= Source material =
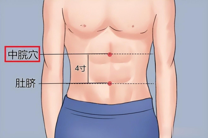 中脘穴(养胃消癥):位于上腹部,前正中线上,脐上4寸(胸骨下端和肚脐勾通线的中点)。
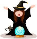 Vektorhandgezogene Illustration Der Hexe Mit Glaskugel Vektor Abbildung - Illustration von illustration, glaskugel: 134092216
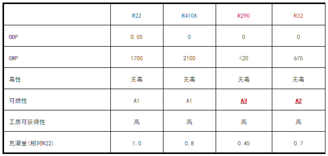1、R32制冷劑全球變暖系數(shù)是R410A的1/3,較傳統(tǒng)的R410A、R22制冷劑環(huán)保,但R32具有一定的可燃性。
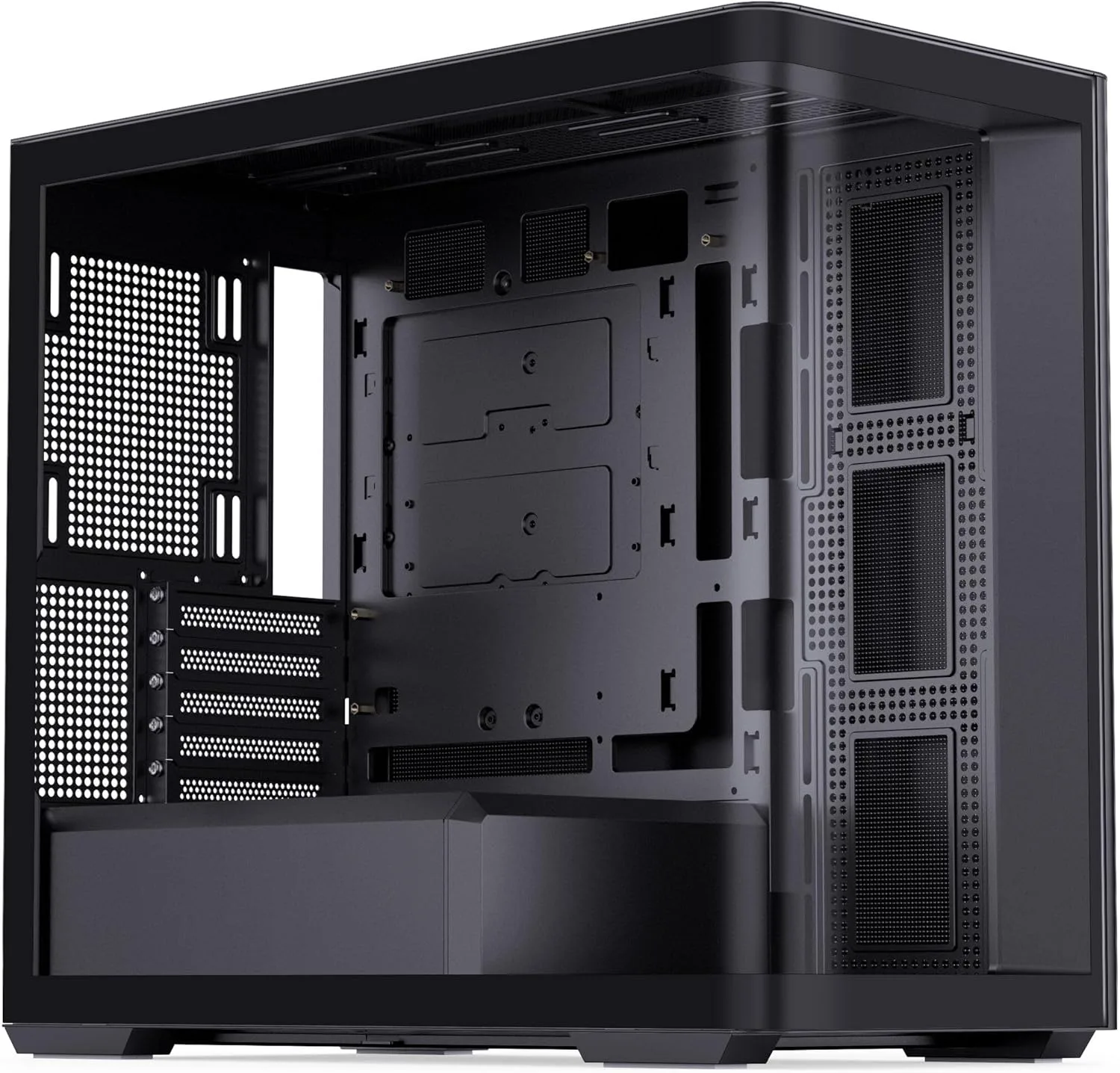 Le boîtier Jonsbo D300 se distingue par une caractéristique technique rare dans le milieu des mid-towers : son panneau latéral en verre trempé coudé à 270 degrés. Cette conception audacieuse, loin des standards rectilignes des boîtiers traditionnels, répond à des enjeux esthétiques et fonctionnels précis, tout en posant des défis en matière de fabrication.

= Your objective =
Only the lines from the first line of the listing above through the line with "1、R32制冷劑全球變暖系數" should be set down, exactly and without pictures.

= Output below =
 中脘穴(养胃消癥):位于上腹部,前正中线上,脐上4寸(胸骨下端和肚脐勾通线的中点)。
 Vektorhandgezogene Illustration Der Hexe Mit Glaskugel Vektor Abbildung - Illustration von illustration, glaskugel: 134092216
1、R32制冷劑全球變暖系數(shù)是R410A的1/3,較傳統(tǒng)的R410A、R22制冷劑環(huán)保,但R32具有一定的可燃性。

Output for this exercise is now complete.